I'm cooking my noodles to figure out a way to implement access to all of our websites because of the split DNS scenario. Basically, the majority of our web servers are in the Intranet, EXCEPT for two of them (I will call them abc.mybusiness.com and xyz.mybusiness.com for clarity's sake).
So at this point, we are accessing our sites using the most "dumb" manner, which would be including *.mybusiness.com in the browser's exception list, and removing that when we need to access abc.mybusiness.com and/or xyz.mybusiness.com.
As one can imagine, that is quite cumbersome (very happy users!). I did some research and found out that a .pac file can do the trick for me, because unlike the browser (IE), it works with a exclusion list and also a inclusion list, letting me force specific sites to go thru the proxy.
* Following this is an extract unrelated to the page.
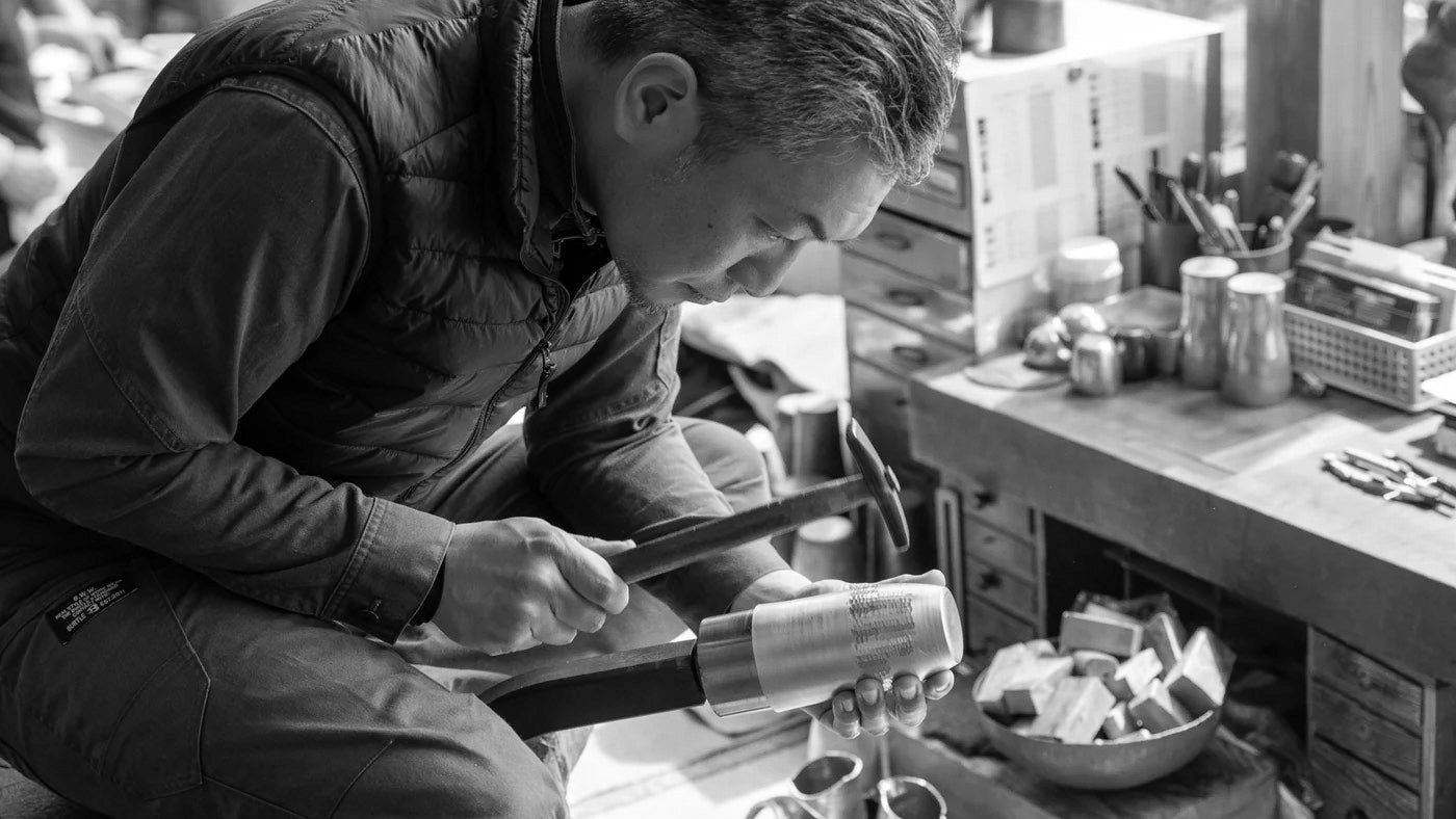 Niigata Prefecture is home to a 300-year-old Japanese craft known as tsuiki copperware, in which a single sheet of metal is skillfully hammered and shaped using various types of hammers to create products such as tea and sake utensils. Nishikata Ryota, the head of the tsuiki workshop Seigado, is the only artist in Japan currently continuing the production of mimikuchi-uchidashi yuwakashi—kettles with the body, spout, and ear-like handle attachments all hammered from a single sheet of copper.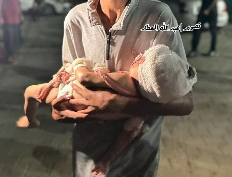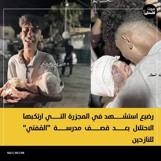 A video shared on Twitter/X by the user @MhmedPs also showed Radwan, an infant with a bloodied bandage around his head and a face with stains of blood, carried by a young crying man. The caption of the video said: “He was born in school and was martyred in it.” Another video shared by the user @AnasAlSharif0 showed the attempts to rescue the child with the help of an IV.

But my question is: can't I do such a configuration inside ISA Server? I'd rather just have the workstations' web browsers point to my ISA machine and let ISA do all the heavy-lifting... Not having to deal with a .pac file would be only less thing to worry about, configuration-wise. But so far to my understading, ISA's Direct Access list would work the same way as the browser's exception list (the difference being centralized configuration)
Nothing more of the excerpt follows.